🤖 AI Summary
Diffusion models suffer from high computational latency and memory overhead during inference; existing post-training quantization (PTQ) methods overlook their timestep-sensitive nature, leading to distorted denoising trajectories and degraded quantization accuracy. To address this, we propose the first timestep-aware PTQ framework: (i) a Timestep Information Block (TIB) explicitly models temporal dependencies; (ii) Timestep-Aware Reconstruction (TIAR) and Finite-Set Calibration (FSC) jointly optimize quantization parameters; and (iii) a cache-based timestep feature maintenance mechanism coupled with a perturbation-driven hybrid strategy selection ensures robust temporal fidelity. Extensive experiments across diverse diffusion architectures (e.g., DDPM, DDIM), datasets (CIFAR-10, ImageNet), and hardware platforms (GPU, edge accelerators) demonstrate substantial improvements in both quantization accuracy (+3.2–5.7 dB PSNR) and inference throughput (+2.1–3.8× speedup), while preserving timestep-specific dynamics. End-to-end generation quality closely matches floating-point baselines, achieving state-of-the-art temporal feature fidelity under 4-bit quantization.
📝 Abstract
The Diffusion models, widely used for image generation, face significant challenges related to their broad applicability due to prolonged inference times and high memory demands. Efficient Post-Training Quantization (PTQ) is crucial to address these issues. However, unlike traditional models, diffusion models critically rely on the time-step for the multi-round denoising.
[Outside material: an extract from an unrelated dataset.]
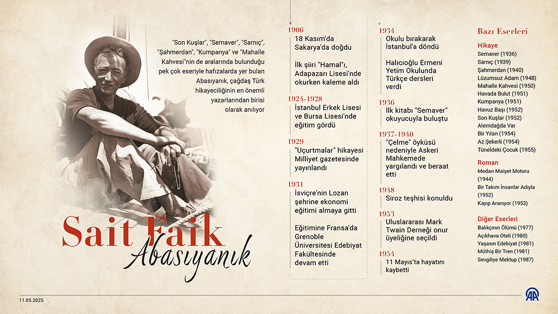 'Uçurtmalar' adlı ilk öyküsü 9 Aralık 1929'da yayınlanan Abasıyanık, 'Son Kuşlar', 'Semaver', 'Havada Bulut', 'Sarnıç', 'Şahmerdan', 'Kumpanya' ve 'Mahalle Kahvesi' eserlerinin de aralarında olduğu çok sayıda öykü, roman, şiir ve çeviriye imza attı. (Grafik: Mehmet Yaren Bozğun/AA)11 Mayıs 2025•Güncelleme: 11 Mayıs 2025

Typically, each time-step is encoded into a hypersensitive temporal feature by several modules. Despite this, existing PTQ methods do not optimize these modules individually. Instead, they employ unsuitable reconstruction objectives and complex calibration methods, leading to significant disturbances in the temporal feature and denoising trajectory, as well as reduced compression efficiency. To address these challenges, we introduce a novel quantization framework that includes three strategies: 1) TIB-based Maintenance: Based on our innovative Temporal Information Block (TIB) definition, Temporal Information-aware Reconstruction (TIAR) and Finite Set Calibration (FSC) are developed to efficiently align original temporal features. 2) Cache-based Maintenance: Instead of indirect and complex optimization for the related modules, pre-computing and caching quantized counterparts of temporal features are developed to minimize errors. 3) Disturbance-aware Selection: Employ temporal feature errors to guide a fine-grained selection between the two maintenance strategies for further disturbance reduction. This framework preserves most of the temporal information and ensures high-quality end-to-end generation. Extensive testing on various datasets, diffusion models and hardware confirms our superior performance and acceleration.